-- WHAT YOU HAVE TO DO --
The data below contains pictures, which are to be skipped; the lines starting at the line with "Kính gửi: Các" and ending at the line with "Kolejne danie główne" are to be output exactly, both ends included.

-- RECORDS SHOWN --
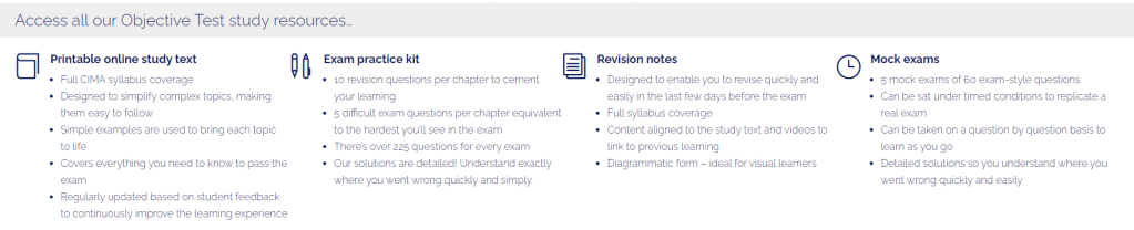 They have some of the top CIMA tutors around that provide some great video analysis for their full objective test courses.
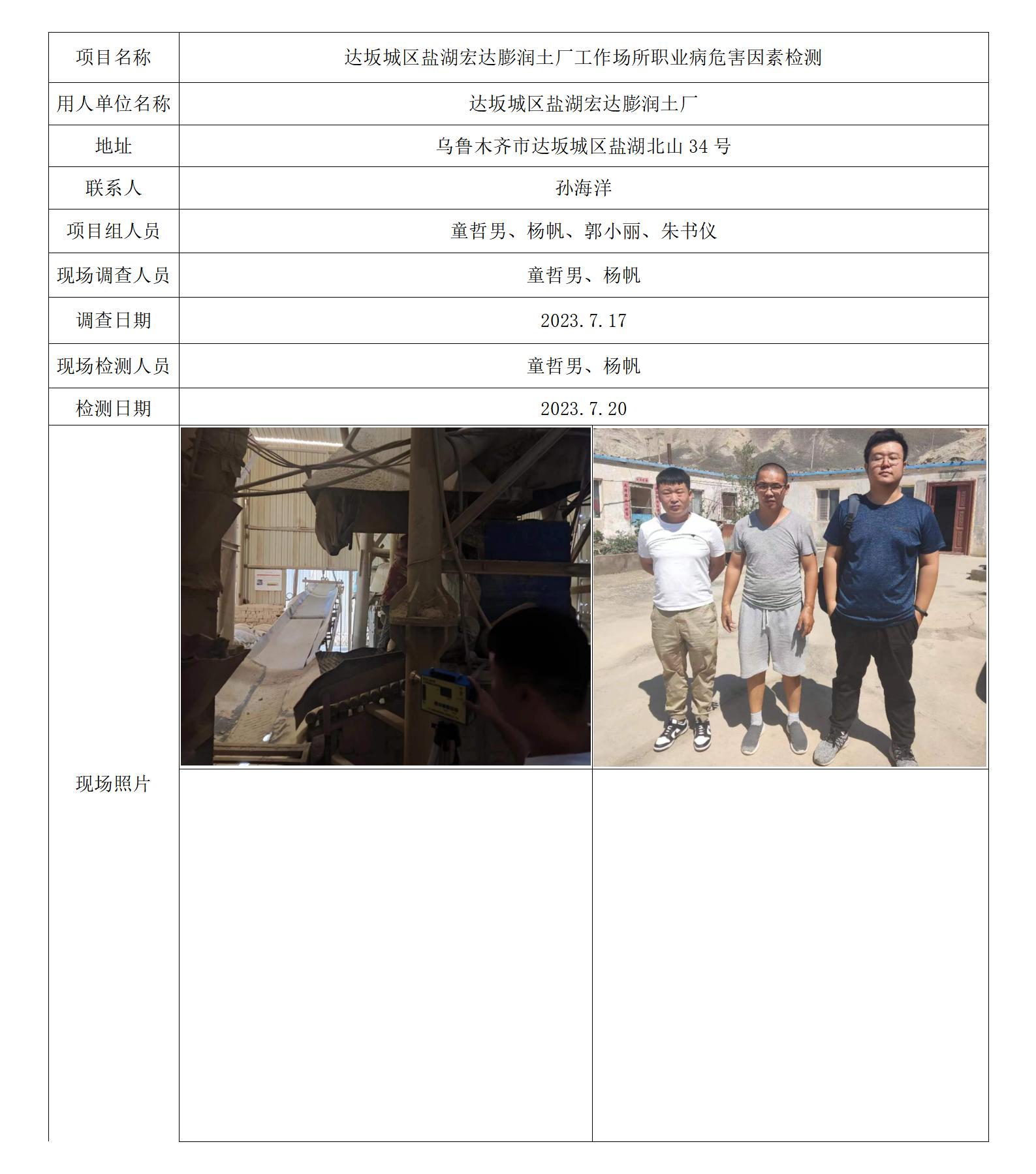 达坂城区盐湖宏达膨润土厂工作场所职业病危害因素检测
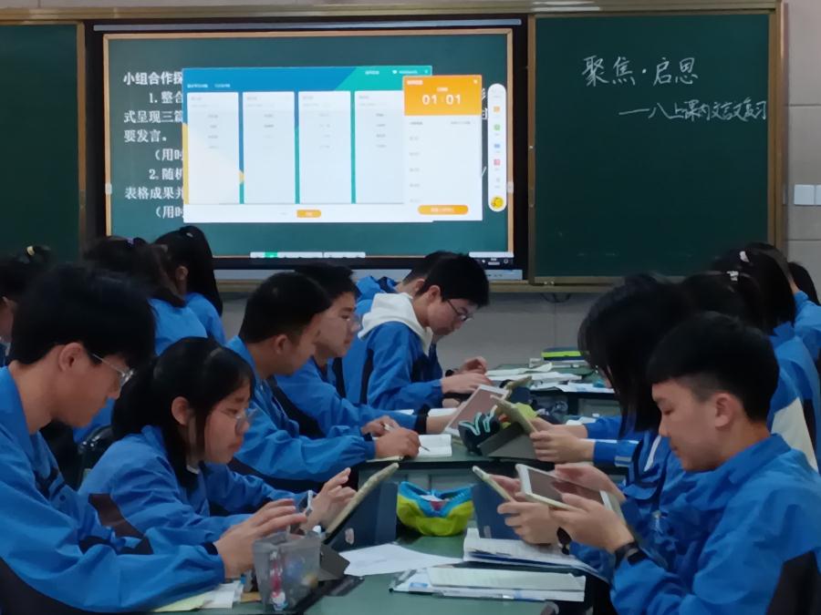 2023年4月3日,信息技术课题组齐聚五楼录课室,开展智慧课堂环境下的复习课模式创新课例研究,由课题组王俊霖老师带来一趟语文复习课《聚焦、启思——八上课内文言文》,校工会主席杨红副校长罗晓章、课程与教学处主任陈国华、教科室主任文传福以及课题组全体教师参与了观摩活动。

---

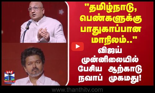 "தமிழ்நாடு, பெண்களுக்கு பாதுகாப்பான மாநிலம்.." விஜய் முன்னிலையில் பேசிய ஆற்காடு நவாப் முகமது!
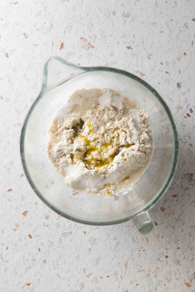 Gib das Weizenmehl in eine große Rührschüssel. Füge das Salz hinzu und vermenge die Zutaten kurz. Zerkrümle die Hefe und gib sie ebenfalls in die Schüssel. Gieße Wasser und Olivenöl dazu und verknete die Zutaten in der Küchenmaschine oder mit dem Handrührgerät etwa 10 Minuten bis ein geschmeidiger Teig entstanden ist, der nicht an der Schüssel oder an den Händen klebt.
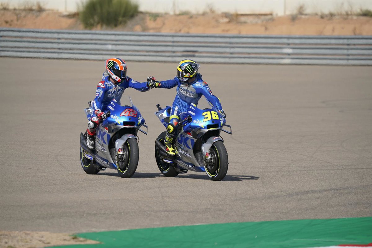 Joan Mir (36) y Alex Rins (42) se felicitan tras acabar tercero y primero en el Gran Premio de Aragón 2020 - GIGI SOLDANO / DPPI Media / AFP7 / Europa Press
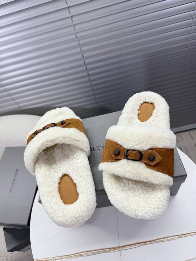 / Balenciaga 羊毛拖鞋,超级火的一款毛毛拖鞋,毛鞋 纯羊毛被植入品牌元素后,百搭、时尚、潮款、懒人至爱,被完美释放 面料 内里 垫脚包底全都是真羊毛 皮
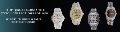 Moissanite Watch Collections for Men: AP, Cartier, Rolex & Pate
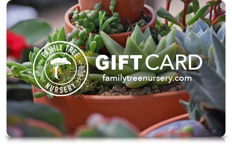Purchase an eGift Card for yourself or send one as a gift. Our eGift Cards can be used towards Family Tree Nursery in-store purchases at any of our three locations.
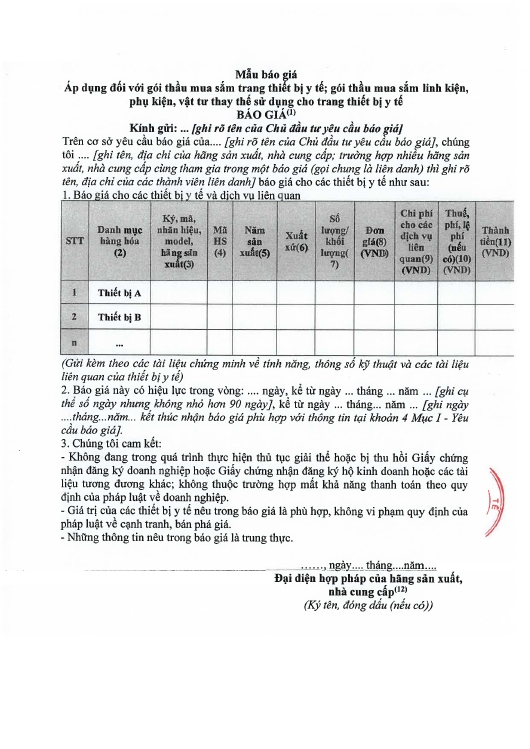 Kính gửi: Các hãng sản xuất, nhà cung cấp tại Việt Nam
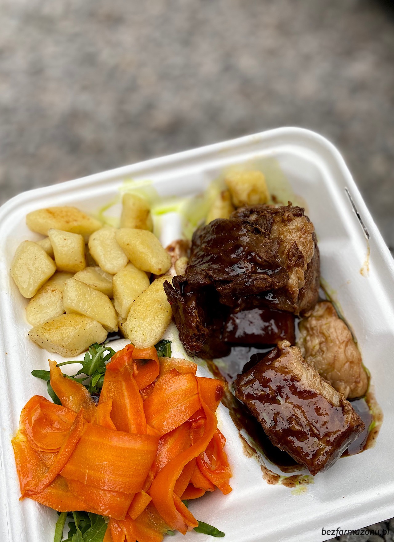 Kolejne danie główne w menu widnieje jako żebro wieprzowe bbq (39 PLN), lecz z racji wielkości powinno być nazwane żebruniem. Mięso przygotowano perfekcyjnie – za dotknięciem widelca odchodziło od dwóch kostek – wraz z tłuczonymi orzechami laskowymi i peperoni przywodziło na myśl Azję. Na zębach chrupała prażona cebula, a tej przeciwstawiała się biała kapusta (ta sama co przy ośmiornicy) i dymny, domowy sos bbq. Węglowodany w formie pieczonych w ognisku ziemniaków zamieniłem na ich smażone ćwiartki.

-- RESPONSE AREA --
 Kính gửi: Các hãng sản xuất, nhà cung cấp tại Việt Nam
 Kolejne danie główne w menu widnieje jako żebro wieprzowe bbq (39 PLN), lecz z racji wielkości powinno być nazwane żebruniem. Mięso przygotowano perfekcyjnie – za dotknięciem widelca odchodziło od dwóch kostek – wraz z tłuczonymi orzechami laskowymi i peperoni przywodziło na myśl Azję. Na zębach chrupała prażona cebula, a tej przeciwstawiała się biała kapusta (ta sama co przy ośmiornicy) i dymny, domowy sos bbq. Węglowodany w formie pieczonych w ognisku ziemniaków zamieniłem na ich smażone ćwiartki.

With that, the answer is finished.